[Eric sent us these photos and write up on his custom Cannondale commuter. —ed.]
Later this year I expect to move back to the midwest for work and family reasons, and I’ll be needing a bike that can take a little more abuse…Foul weather, 4 seasons, potholes, gravel paths and a general lack of proper cycling infrastructure! I decided to build up an all-road, all-weather commuter out of an old Cannondale mountain bike I’ve had since college. The intent was to find the optimum balance of speed, durability and utility without breaking the bank.
So here are the particulars: Tiagra/Sora rear derailleur only, single speed front chainring and 26×1.5 slicks to take the hits. I ditched the old suspension fork and replaced it with a Winwood rigid carbon fork.
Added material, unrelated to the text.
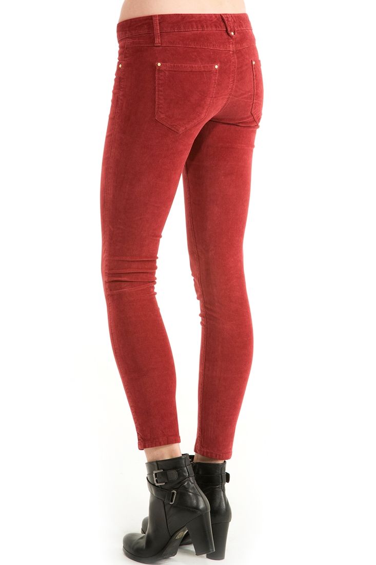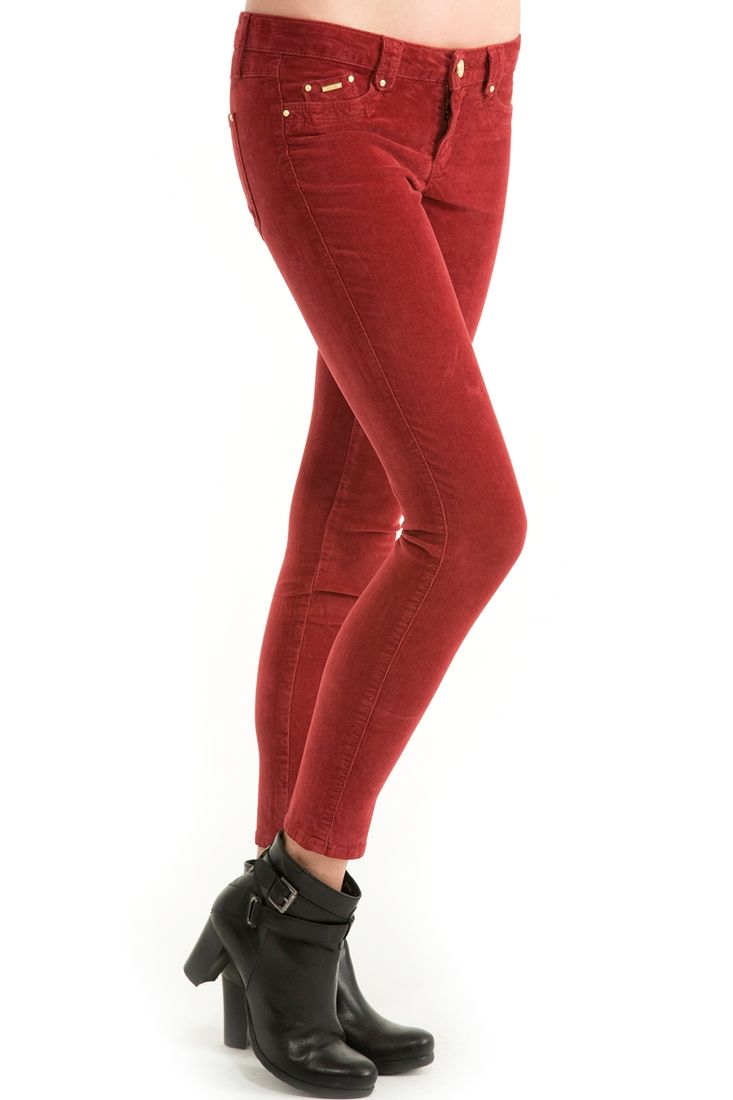 • Bayan Kırmızı  Kadife Dar Kesim Pantolon

After trying out several handlebar types (including the Moustache) I landed on the Origin 8 Gary bar, which is by far the most comfortable I’ve experienced. I’ve got it mounted on an adjustable stem for optimum comfort and power. The Gary is an MTB specific bar with a fairly wide splay, which puts almost zero bend on my wrists on the hoods. I could ride all day on this!
Because the frame has always been on the small side for me, the drops also put me at a more optimum reach. I also like the low stepover on the heavily sloped top tube. I had the frame powdercoated matte grey and designed the graphics. The name “Billy” comes from the unique goat-like stance of the bike, kind of hunched over on its front wheel and ready to climb some hills!
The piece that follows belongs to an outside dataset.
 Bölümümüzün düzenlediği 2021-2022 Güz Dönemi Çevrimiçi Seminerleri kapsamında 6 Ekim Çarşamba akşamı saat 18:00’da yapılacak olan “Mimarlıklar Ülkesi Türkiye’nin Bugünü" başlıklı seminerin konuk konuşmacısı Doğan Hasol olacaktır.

I intend to add a rack and fenders as needed, but right now I like to keep it clean and simple. With the removal of the front shock (totally unnecessary on any road-going bike!) and front derailleur, along with thin-walled slick tires I was able to trim quite a bit of weight off. The bike rides like a cloud and takes the hits, and there’s very little difference in speed from my full-on road bike.
There are so many old MTBs out there that would make great allroad commuter conversions, and with the growing availability of MTB-specific drop bars and improvements in tire technology it’s possible to build some very affordable and interesting road machines!